→ **TASK OBJECTIVE**: Nothing but the lines from the one with "Even Junk Pile" through the last line of the entries below should appear in the copy, please, and no pictures.

→ **SUPPLIED MATERIAL**:
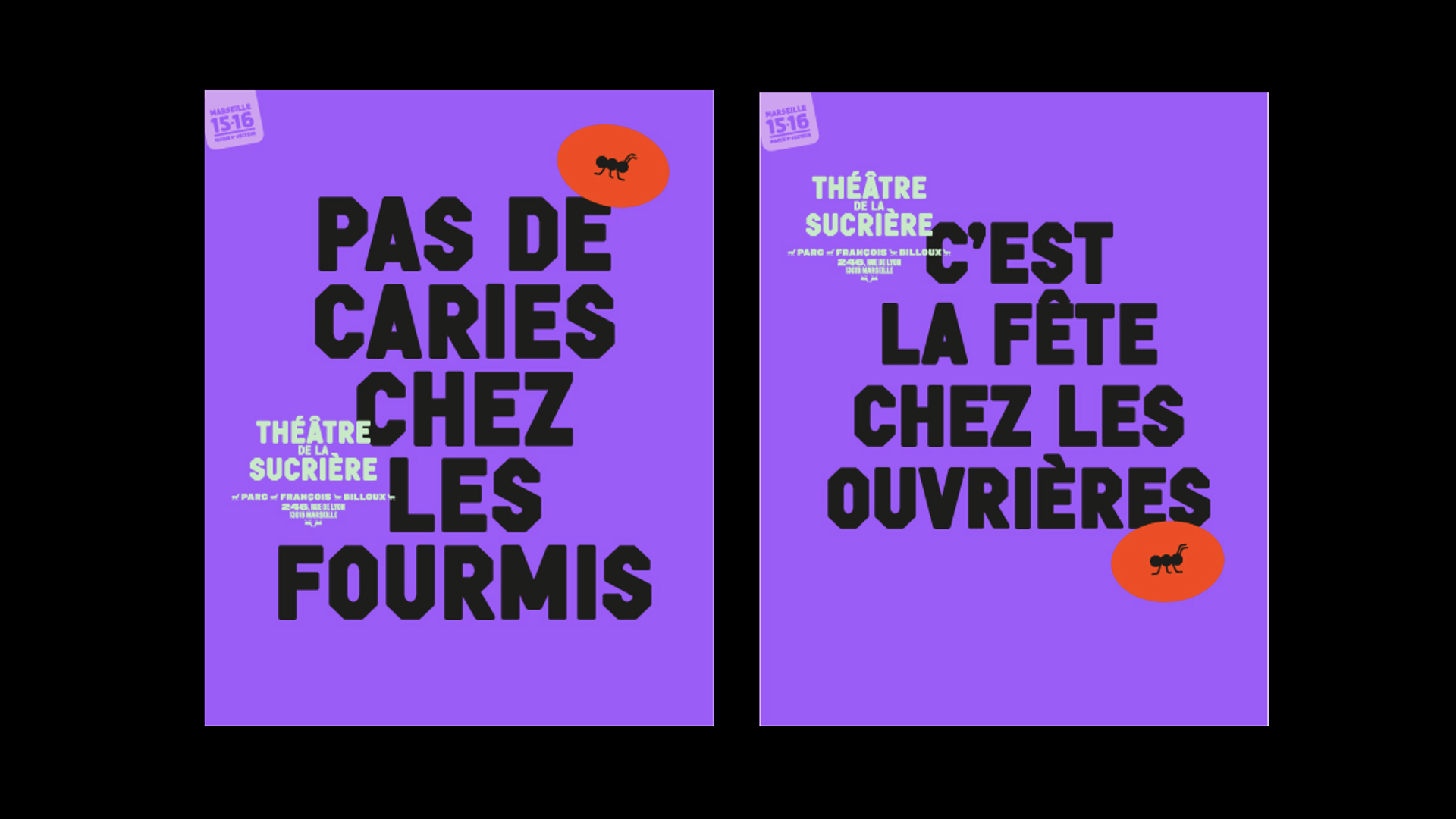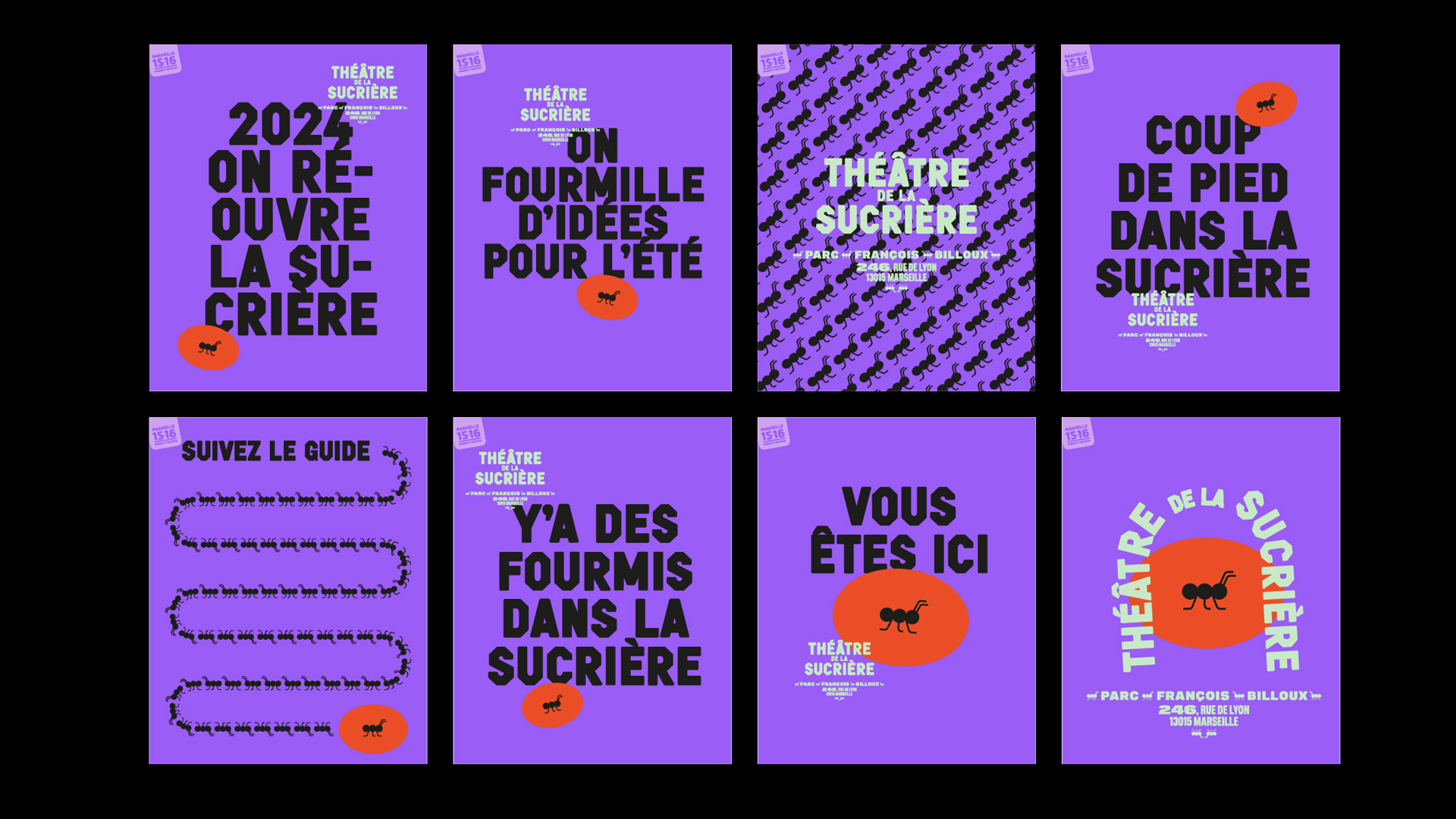 Datack a accompagné la Mairie des 15 et 16e arrondissements de Marseille dans la refonte de l’identité du Théâtre de la Sucrière (13015). Le symbole de la fourmi incarne l’esprit ouvrier et collectif du quartier, la solidarité et la capacité à rassembler — un marqueur visuel fort pour une nouvelle programmation culturelle engagée, populaire et ouverte à chacun. La livraison de la charte graphique permet d’affirmer ce lieu comme reflet du territoire.
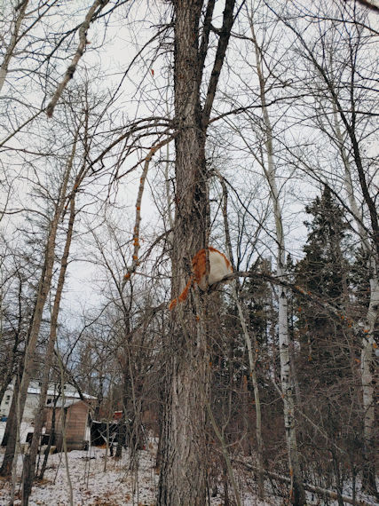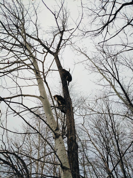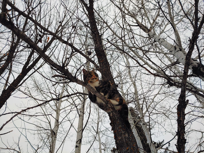 Even Junk Pile cat had been following along and was up a tree, but before I could get a picture, he’d jumped down and bolted further into the grove.
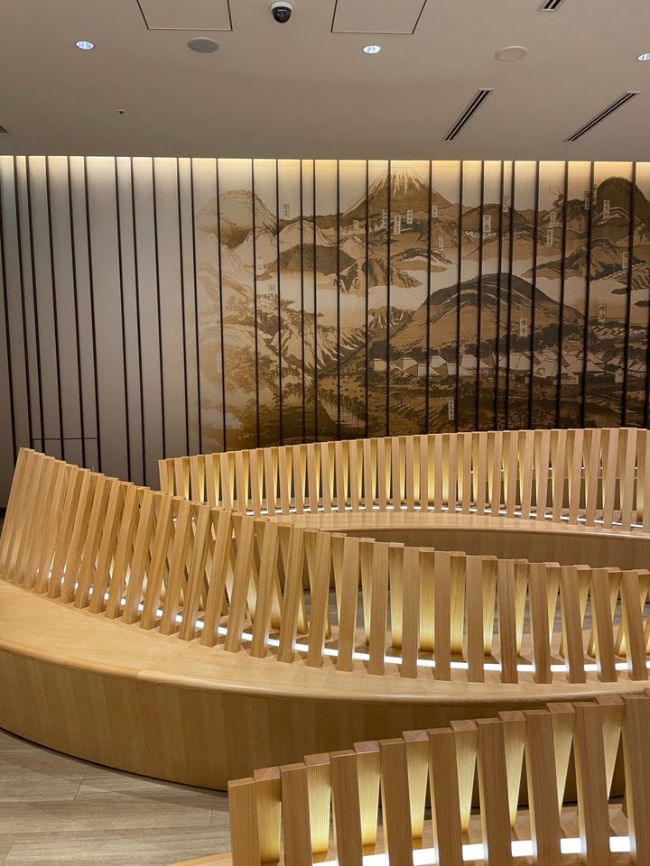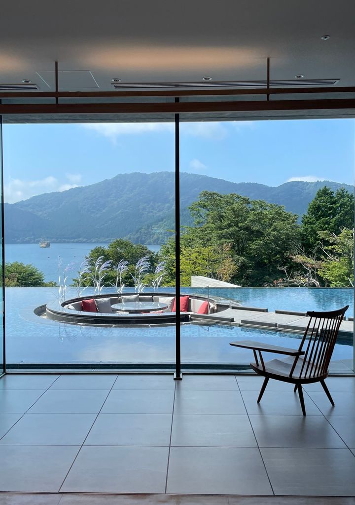 晴れた日はソファーの周りにはった水面と芦ノ湖が続いているように見えて、とっても素敵でした✨
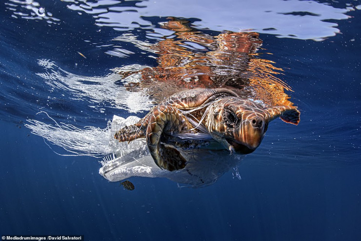 Итальянский фотограф Давид Сальватори победил в категории "Экологический вестник". Его фотография под названием "Запутанный" продемонстрировала влияние пластикового загрязнения на дикую природу океана.
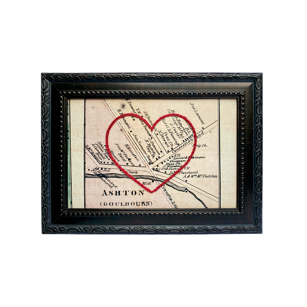 This vintage Ashton, Ontario map print has been hand-embroidered with a red heart that symbolizes the places, people, and adventures you hold dear.

→ **YOUR SOLUTION**:
 Even Junk Pile cat had been following along and was up a tree, but before I could get a picture, he’d jumped down and bolted further into the grove.
 晴れた日はソファーの周りにはった水面と芦ノ湖が続いているように見えて、とっても素敵でした✨
 Итальянский фотограф Давид Сальватори победил в категории "Экологический вестник". Его фотография под названием "Запутанный" продемонстрировала влияние пластикового загрязнения на дикую природу океана.
 This vintage Ashton, Ontario map print has been hand-embroidered with a red heart that symbolizes the places, people, and adventures you hold dear.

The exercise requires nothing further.